Anaesthetic Management of Patient with Atrial Septal Defect Posted for Abdominal Hysterectomy
Published: February 1, 2021 | DOI: https://doi.org/10.7860/JCDR/2021/47480.14554
Sara Mary Thomas, Pranav Kanabar, Dinesh Chauhan, Malini Mehta
1. Associate Professor, Department of Anaesthesia, Smt. BK Shah Medical Institute and Research Centre, Sumandeep Vidyapeeth (Deemed to be University), Piparia,
Vadodara, Gujarat, India.
2. Resident, Department of Anaesthesia, Smt. BK Shah Medical Institute and Research Centre, Sumandeep Vidyapeeth (Deemed to be University), Piparia, Vadodara,
Gujarat, India.
3. Professor and Head, Department of Anaesthesia, Smt. BK Shah Medical Institute and Research Centre, Sumandeep Vidyapeeth (Deemed to be University), Piparia,
Vadodara, Gujarat, India.
4. Professor, Department of Anaesthesia, Smt. BK Shah Medical Institute and Research Centre, Sumandeep Vidyapeeth (Deemed to be University), Piparia, Vadodara,
Gujarat, India.
Correspondence
Sara Mary Thomas,
B 17, Saket Society, Behind Essar Petrol Pump,
Sussen-Tarsali Road, Vadodara, Gujarat, India.

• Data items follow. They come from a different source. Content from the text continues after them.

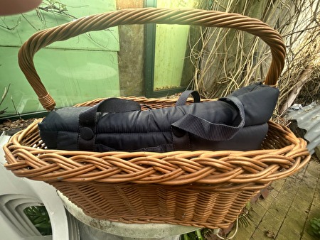 Rieten gevlochten boodschappenmand met rieten draagriem, kan aan fiets worden bevestigd.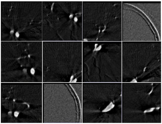 Applying the sliding window strategy, patch selection by information entropy sampling showed that the proportion of patches containing aneurysms was 12%., i.e., 12% of the selected patches included aneurysms. Additionally, through patch selection by gradient entropy sampling, the proportion was increased to 16%. The patches selected by the gradient entropy sampling strategy are shown in Figure 2. This shows that most of the selected patches were aneurysms or blood vessels.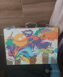 valigetta porta colori con pennarelli pastelli e pastelli a cera, l’attrezzatura all’interno è usata ma in ottimo stato, la valigetta non è del tutto integra: i cardini sono rotti quindi la chiusura non risulta ottimale.

E-mail: sara.cinosh@gmail.com
Incidence of Atrial Septal Defect (ASD) in acyanotic congenital heart disease is about 10%. This condition is commonly diagnosed in childhood, although in some cases it is detected in later stages of life. Patients with ASD and Pulmonary Hypertension (PHT) pose a great challenge to anaesthetic management. Authors are presenting a case of general anaesthetic management of 39-year-old lady having ASD with mild to moderate PHT undergoing abdominal hysterectomy, a noncardiac surgery. The patient was induced with Inj. Propofol slow Intravenous (IV) and intubation was achieved with succinylcholine and maintenance was done with atracurium and isoflurane. The primary goal of general anaesthesia was to avoid increase in PHT and to maintain systemic vascular resistance.